A linear combination of inputs scaled by learned weights, fundamental to neural networks.
A weighted sum is a mathematical operation in which each input value is multiplied by a corresponding weight and the resulting products are added together to produce a single scalar output. In neural networks, this operation sits at the heart of every artificial neuron: given an input vector x and a weight vector w, the weighted sum is computed as z = w₁x₁ + w₂x₂ + ... + wₙxₙ + b, where b is an optional bias term. This value is then typically passed through a nonlinear activation function to produce the neuron's output. The simplicity of the operation belies its power — stacking many such computations across layers allows neural networks to approximate arbitrarily complex functions.

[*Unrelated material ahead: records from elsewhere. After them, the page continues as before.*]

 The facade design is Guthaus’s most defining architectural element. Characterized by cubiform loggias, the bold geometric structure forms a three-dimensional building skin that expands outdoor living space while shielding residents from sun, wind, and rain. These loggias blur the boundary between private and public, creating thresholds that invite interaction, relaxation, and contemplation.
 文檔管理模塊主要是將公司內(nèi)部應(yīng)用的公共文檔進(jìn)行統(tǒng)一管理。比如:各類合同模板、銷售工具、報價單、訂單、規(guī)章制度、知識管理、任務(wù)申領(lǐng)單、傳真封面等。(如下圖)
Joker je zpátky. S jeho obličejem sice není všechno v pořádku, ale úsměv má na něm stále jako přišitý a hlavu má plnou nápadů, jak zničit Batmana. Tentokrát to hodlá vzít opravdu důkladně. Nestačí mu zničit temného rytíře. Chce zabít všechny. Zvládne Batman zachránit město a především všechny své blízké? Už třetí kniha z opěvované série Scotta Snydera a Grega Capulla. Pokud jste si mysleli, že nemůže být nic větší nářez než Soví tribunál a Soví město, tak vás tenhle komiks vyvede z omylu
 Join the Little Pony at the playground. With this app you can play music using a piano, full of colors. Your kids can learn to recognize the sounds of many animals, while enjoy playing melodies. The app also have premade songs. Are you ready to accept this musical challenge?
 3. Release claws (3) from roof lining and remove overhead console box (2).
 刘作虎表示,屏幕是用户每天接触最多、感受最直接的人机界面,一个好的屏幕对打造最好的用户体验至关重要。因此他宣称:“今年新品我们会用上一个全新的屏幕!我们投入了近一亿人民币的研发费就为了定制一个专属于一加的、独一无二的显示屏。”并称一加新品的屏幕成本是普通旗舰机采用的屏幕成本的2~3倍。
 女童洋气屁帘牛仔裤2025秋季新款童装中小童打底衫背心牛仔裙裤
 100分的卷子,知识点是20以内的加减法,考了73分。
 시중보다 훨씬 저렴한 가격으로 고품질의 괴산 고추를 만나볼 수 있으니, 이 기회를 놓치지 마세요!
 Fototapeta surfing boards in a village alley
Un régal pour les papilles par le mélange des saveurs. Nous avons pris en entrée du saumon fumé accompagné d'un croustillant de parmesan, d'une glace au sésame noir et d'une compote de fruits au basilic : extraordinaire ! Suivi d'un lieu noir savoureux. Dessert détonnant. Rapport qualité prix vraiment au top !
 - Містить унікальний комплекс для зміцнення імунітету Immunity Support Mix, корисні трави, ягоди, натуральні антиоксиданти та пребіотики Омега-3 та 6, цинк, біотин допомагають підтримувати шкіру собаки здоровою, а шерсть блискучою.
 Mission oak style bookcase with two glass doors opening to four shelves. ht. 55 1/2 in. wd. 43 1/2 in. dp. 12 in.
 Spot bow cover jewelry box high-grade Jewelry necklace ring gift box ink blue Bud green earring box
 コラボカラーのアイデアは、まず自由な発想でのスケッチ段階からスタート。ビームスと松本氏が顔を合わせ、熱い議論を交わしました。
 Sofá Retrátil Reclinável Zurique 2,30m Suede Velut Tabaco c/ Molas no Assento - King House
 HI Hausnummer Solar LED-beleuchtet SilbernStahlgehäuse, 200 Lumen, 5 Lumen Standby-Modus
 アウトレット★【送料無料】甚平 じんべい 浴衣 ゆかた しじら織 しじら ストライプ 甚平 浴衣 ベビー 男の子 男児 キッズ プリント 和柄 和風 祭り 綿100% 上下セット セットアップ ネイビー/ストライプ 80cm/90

The weights in a weighted sum encode the relative importance of each input to the final output. A large positive weight amplifies a feature's influence, a large negative weight suppresses or inverts it, and a weight near zero effectively ignores it. During training, these weights are learned through backpropagation and gradient descent: the network computes a loss measuring prediction error, calculates how that loss changes with respect to each weight, and nudges the weights in the direction that reduces error. Over many iterations, the weighted sums across all layers collectively learn to extract and combine features in ways that solve the target task.
Weighted sums are not unique to neural networks — they appear in linear regression, support vector machines, attention mechanisms, and ensemble methods like boosting, where base model predictions are combined using learned or heuristic weights. In the transformer architecture, the scaled dot-product attention mechanism is essentially a weighted sum of value vectors, where the weights are derived from query-key similarity scores. This makes the weighted sum one of the most pervasive primitives in all of machine learning.
Understanding weighted sums is essential for interpreting model behavior. Techniques like saliency maps and LIME approximate complex models locally as weighted sums to explain individual predictions. The concept also connects directly to the notion of linear separability — a single weighted sum with a threshold can classify any linearly separable dataset, while deeper compositions of weighted sums and nonlinearities handle far more complex decision boundaries.